The routine experiment manager is the slow-skincare piece I appreciate most. You log a single change, you wait the appropriate window, you compare. This is how you should be evaluating new products anyway, and the app structures the discipline. The skin cycling trend autopsy covers why trend-chasing without measurement is so wasteful.
Lab+ analytics are reasonable at $4.99 a month. The free tier is genuinely usable; the paid tier is for readers who want the correlation math done for them.
The mainstream acne advice almost no one questions
The press treats acne as a product problem. “Try this cleanser. Try this active. Try this acid.” The contrarian and slow-skincare position is that for most adult acne, the product is the smallest lever. Sleep, cycle, stress, and diet move the needle more than any over-the-counter ingredient. SkinTheory’s framing leans into that, which is unusual in a category dominated by apps that want to sell you a serum. The food-and-acne evidence is more interesting than either the dermatology denial or the wellness moralizing.
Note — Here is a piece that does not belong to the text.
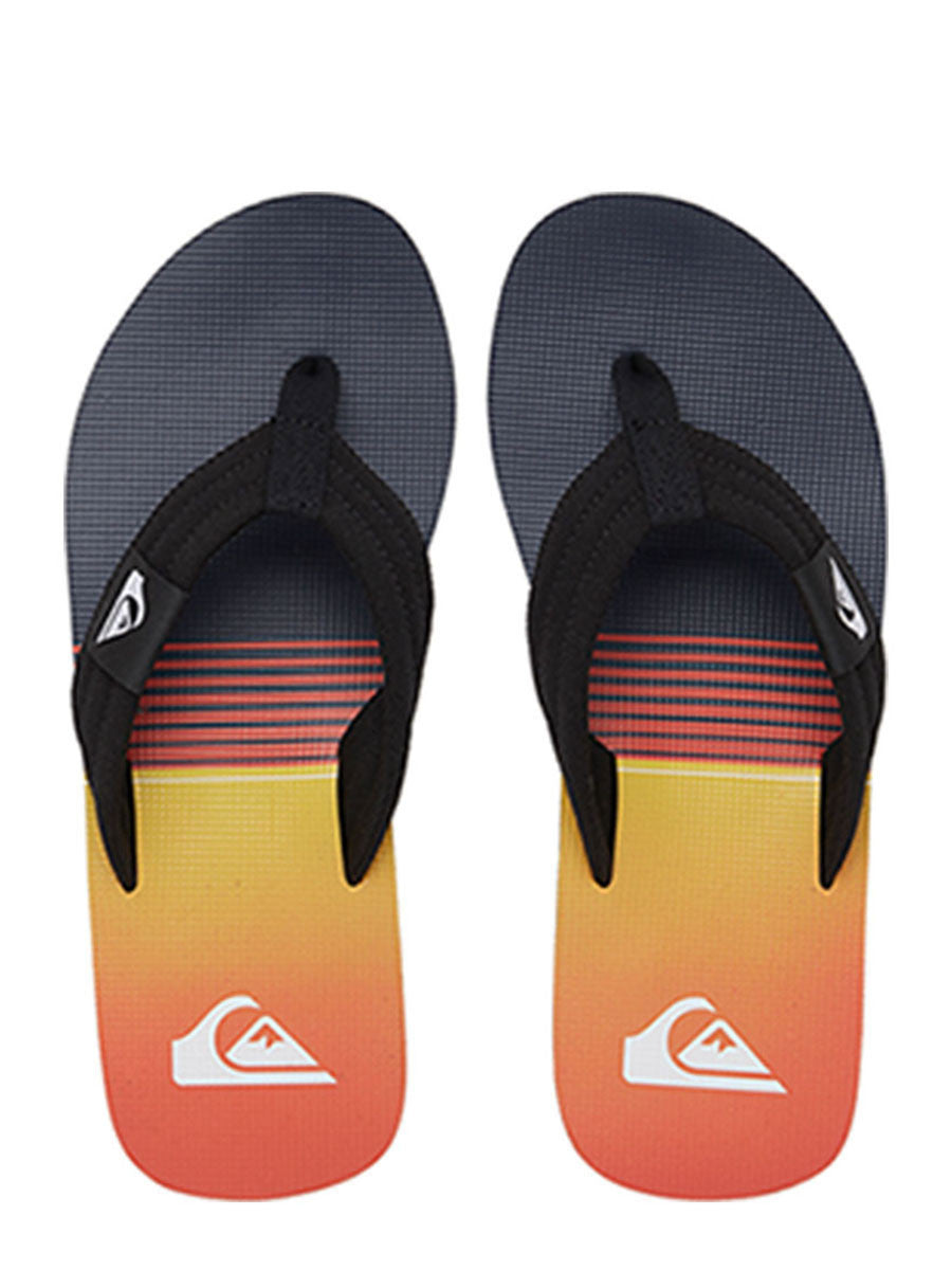 - Flexible 3 point synthetic rubber strap with Quiksilver wordmark and fine mold Mountain Wave logo - Slip resistant textured footbed - Pop color pin lines in sidewall tying into colorway - Re-engineered blown rubber outsole incorporates multi angled

Where it falls short is photo dependence. The pattern analysis works much better when you take daily photos under similar light, and most people cannot maintain that for more than a month. The app does not fail without photos, but the visual record is the strongest evidence when you eventually take it to a dermatologist.
Real-world test
I used it for 47 days through the better part of two cycles. The luteal-phase flare I had been describing to my dermatologist for years showed up as an unmistakable curve in the data. Breakouts spiked on day 23 and 24 of my cycle and faded by day 4 of the next. That had been an anecdote. It was now a graph. I did not change any products during the trial. I changed my expectations of when my face would behave, and I started using the worst days as a signal to lean on calming care rather than aggressive correction. The cycle-and-skin overview covers what to actually do with that information. Microbiome Glow Serum on the calmer days, scaled back on the reactive ones.
How it stacks against MDacne
MDacne is the popular paid acne app, with custom product subscriptions baked in. It is a useful tool if you want a structured product regimen and a built-in coaching layer. The model is different: SkinTheory is a tracker that wants you to know yourself; MDacne is a brand that wants to sell you its kit. For readers who already have a routine they are happy with and want better measurement, SkinTheory wins. For readers who are starting from zero, MDacne offers more handholding.
Browse the rest of our hormonal-cycle skincare coverage on Elelaf.
Try it here: SkinTheory.
FAQ
Do I need a regular cycle for the app to work? The cycle features are most useful with a predictable cycle, but the daily log works regardless.
Does it replace a dermatologist? No. It gives you data to bring to one.
Is the free tier enough? Yes for the first eight to twelve weeks. Upgrade only if you want correlation math done for you.
Is my data sold? Check the current privacy terms in the app. The developer states that data is not sold; verify before you log anything you would not want shared.
Will the photos shame me? No. The interface is calm and clinical rather than gamified. If photo-tracking is a trigger, skip it and use written logs only.